**TASK GOAL:** What the task requires is an exact printout of the listing below, pictures excluded.

**RECORDED DATA:**
Start of Block

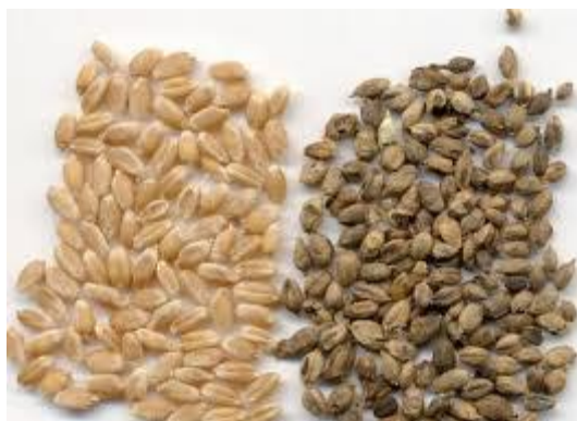
Slika 7 Prikaz zdrave (lijevo) i zaražene (desno) pšenice (Web 6)
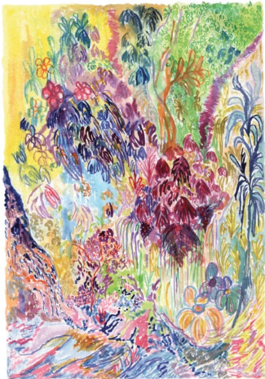
Des fleurs pour mes entrailles, 2022 Aquarelle sur papier 36 x 51 cm 420 euros
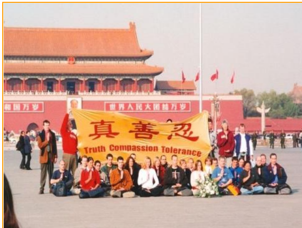
历史今日 10 年前 36 位西方人来到北京上访

End of Block

**WORKED SOLUTION:**
Slika 7 Prikaz zdrave (lijevo) i zaražene (desno) pšenice (Web 6)
Des fleurs pour mes entrailles, 2022 Aquarelle sur papier 36 x 51 cm 420 euros
历史今日 10 年前 36 位西方人来到北京上访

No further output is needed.